_Assignment_
Repeat the records below exactly from the line containing "A slubby Indian" to the line containing "本网讯(学生记者/解怡瑞)3", taking in both of those lines. Drop the pictures.

_Input_
"""

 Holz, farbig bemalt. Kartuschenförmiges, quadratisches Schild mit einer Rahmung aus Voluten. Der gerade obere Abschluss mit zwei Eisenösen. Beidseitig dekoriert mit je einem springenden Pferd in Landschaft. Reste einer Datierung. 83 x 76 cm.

"""
"""

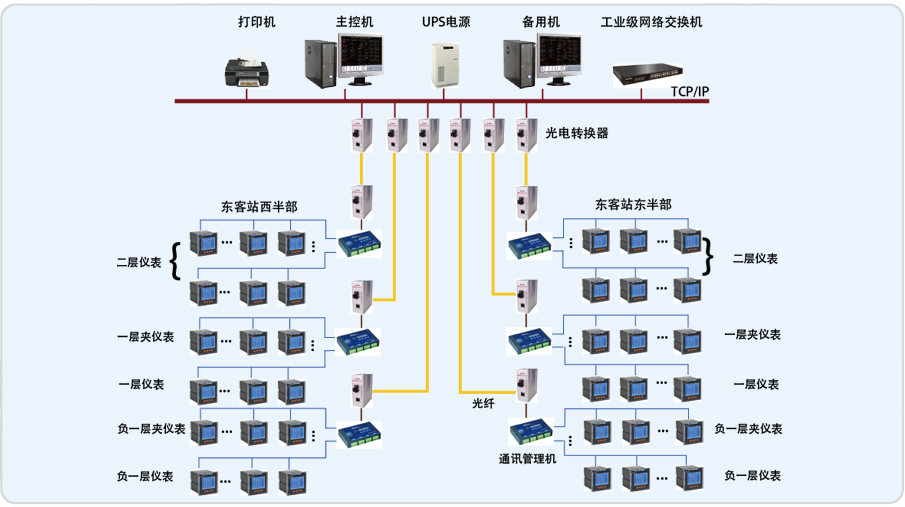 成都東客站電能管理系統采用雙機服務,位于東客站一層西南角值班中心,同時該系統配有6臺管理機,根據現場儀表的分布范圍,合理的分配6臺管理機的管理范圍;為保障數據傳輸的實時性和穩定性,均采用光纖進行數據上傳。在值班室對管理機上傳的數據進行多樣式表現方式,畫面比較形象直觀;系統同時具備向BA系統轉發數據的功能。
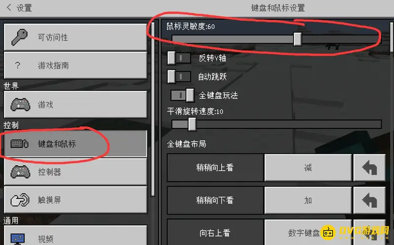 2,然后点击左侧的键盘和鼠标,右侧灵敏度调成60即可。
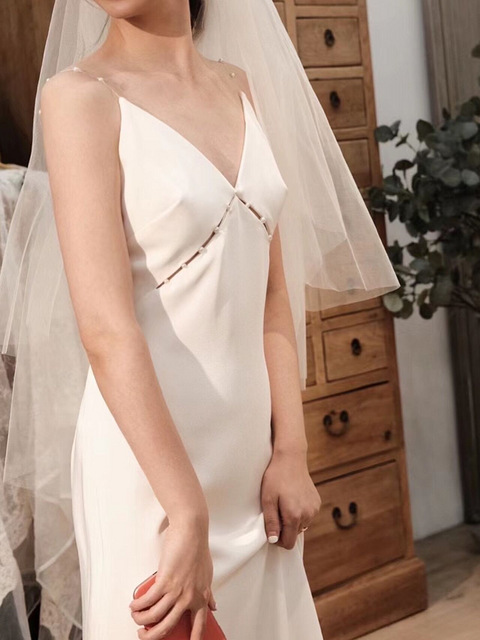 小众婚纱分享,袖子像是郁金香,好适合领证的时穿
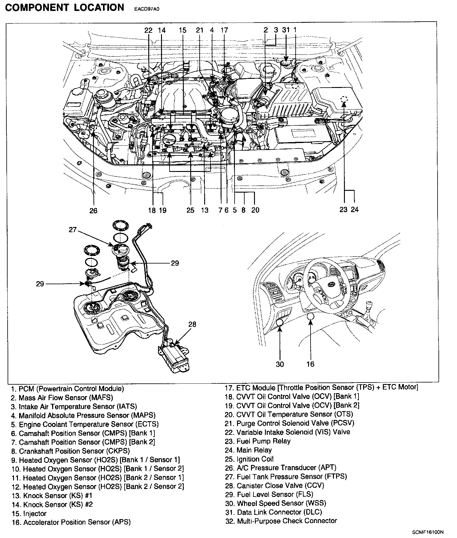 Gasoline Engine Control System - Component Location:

"""
"""

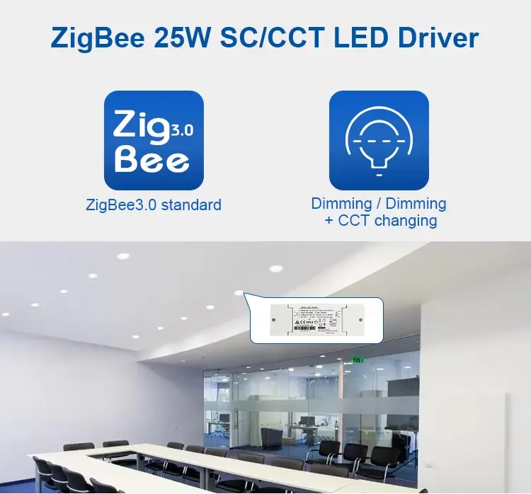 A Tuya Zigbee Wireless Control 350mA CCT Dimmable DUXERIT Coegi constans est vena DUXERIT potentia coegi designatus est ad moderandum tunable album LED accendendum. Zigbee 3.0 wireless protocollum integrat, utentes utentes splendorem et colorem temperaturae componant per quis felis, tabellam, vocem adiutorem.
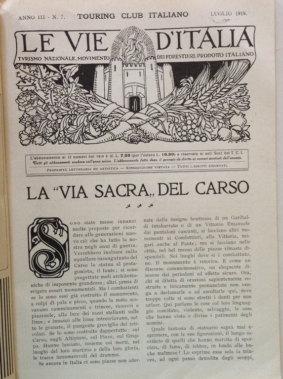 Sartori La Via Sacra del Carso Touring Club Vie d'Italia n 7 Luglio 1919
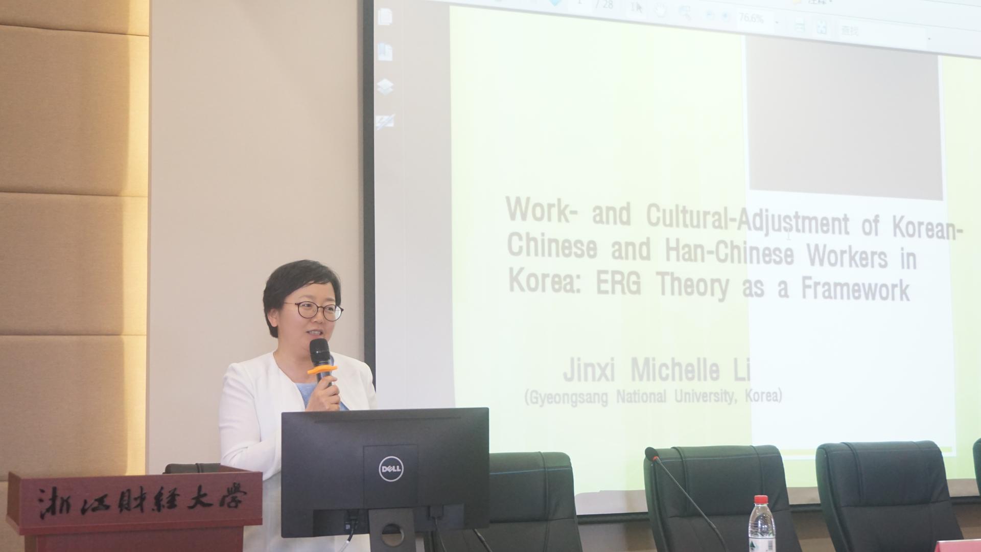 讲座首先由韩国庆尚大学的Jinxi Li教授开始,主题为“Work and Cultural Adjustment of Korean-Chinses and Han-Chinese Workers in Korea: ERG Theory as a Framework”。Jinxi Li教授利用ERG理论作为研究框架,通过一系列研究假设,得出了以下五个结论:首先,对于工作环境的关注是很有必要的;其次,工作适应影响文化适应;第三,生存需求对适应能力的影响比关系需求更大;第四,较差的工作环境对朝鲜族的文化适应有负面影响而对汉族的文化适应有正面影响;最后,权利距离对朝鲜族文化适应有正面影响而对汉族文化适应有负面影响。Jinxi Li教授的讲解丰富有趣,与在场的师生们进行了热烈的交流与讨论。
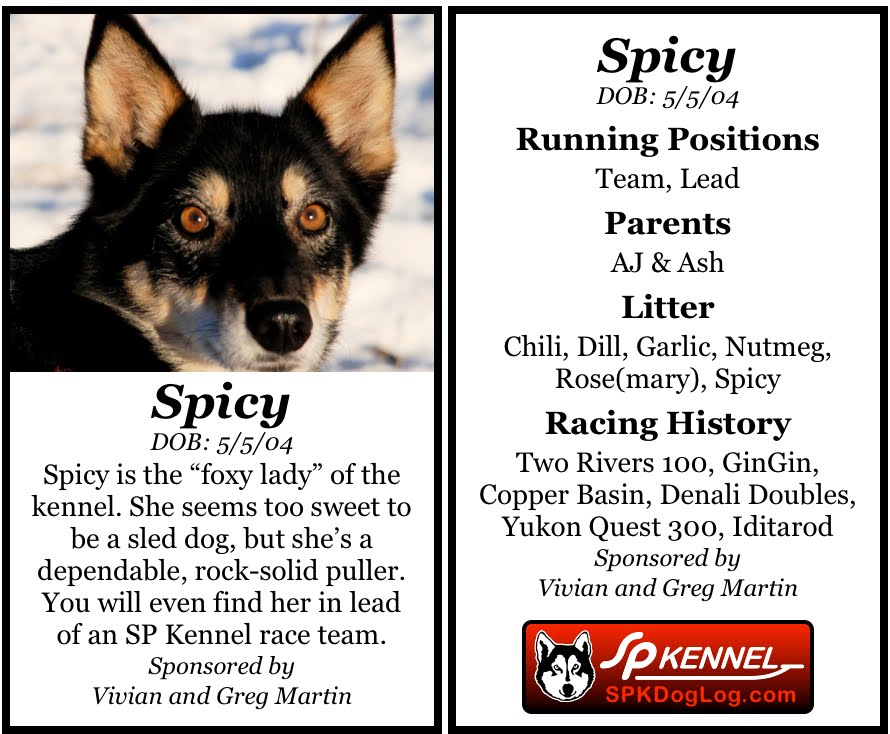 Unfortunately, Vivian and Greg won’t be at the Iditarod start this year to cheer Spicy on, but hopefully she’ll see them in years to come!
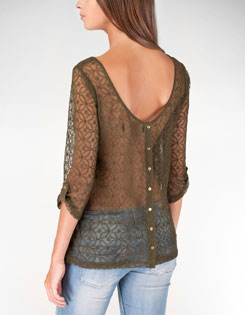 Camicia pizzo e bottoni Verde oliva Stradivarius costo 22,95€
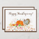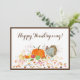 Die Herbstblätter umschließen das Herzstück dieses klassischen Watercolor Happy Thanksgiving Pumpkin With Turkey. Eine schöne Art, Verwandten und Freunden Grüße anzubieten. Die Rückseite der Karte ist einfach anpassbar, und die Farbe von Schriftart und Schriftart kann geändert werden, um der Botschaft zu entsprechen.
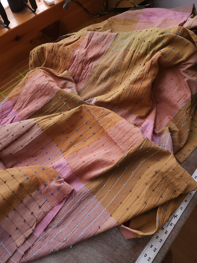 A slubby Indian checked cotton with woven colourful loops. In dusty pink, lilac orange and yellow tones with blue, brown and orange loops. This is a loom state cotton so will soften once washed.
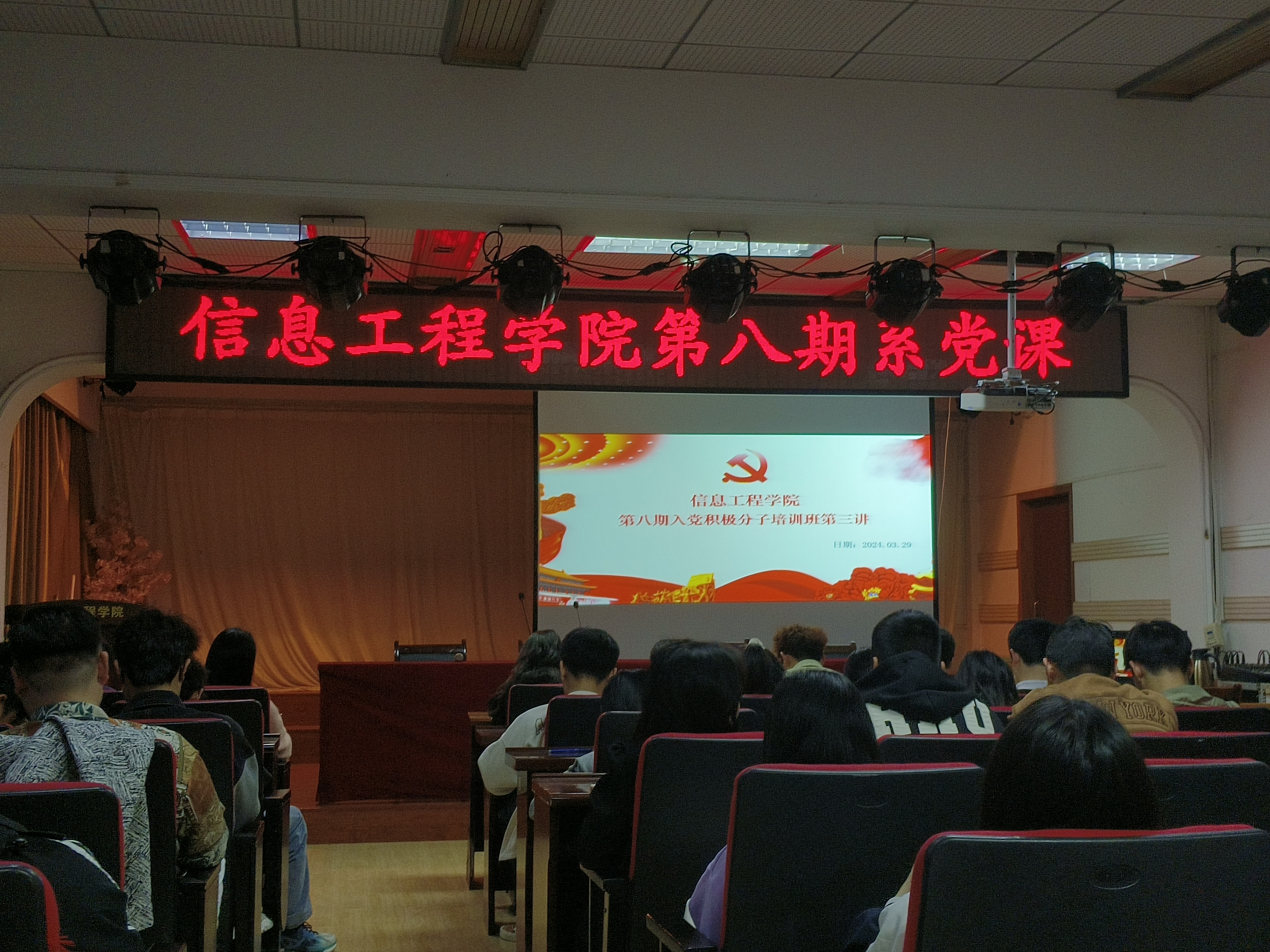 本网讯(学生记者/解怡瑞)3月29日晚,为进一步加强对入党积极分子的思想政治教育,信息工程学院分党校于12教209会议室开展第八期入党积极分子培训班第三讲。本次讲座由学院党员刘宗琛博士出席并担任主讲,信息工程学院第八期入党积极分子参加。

"""

_Answer to the exercise_
 A slubby Indian checked cotton with woven colourful loops. In dusty pink, lilac orange and yellow tones with blue, brown and orange loops. This is a loom state cotton so will soften once washed.
 本网讯(学生记者/解怡瑞)3月29日晚,为进一步加强对入党积极分子的思想政治教育,信息工程学院分党校于12教209会议室开展第八期入党积极分子培训班第三讲。本次讲座由学院党员刘宗琛博士出席并担任主讲,信息工程学院第八期入党积极分子参加。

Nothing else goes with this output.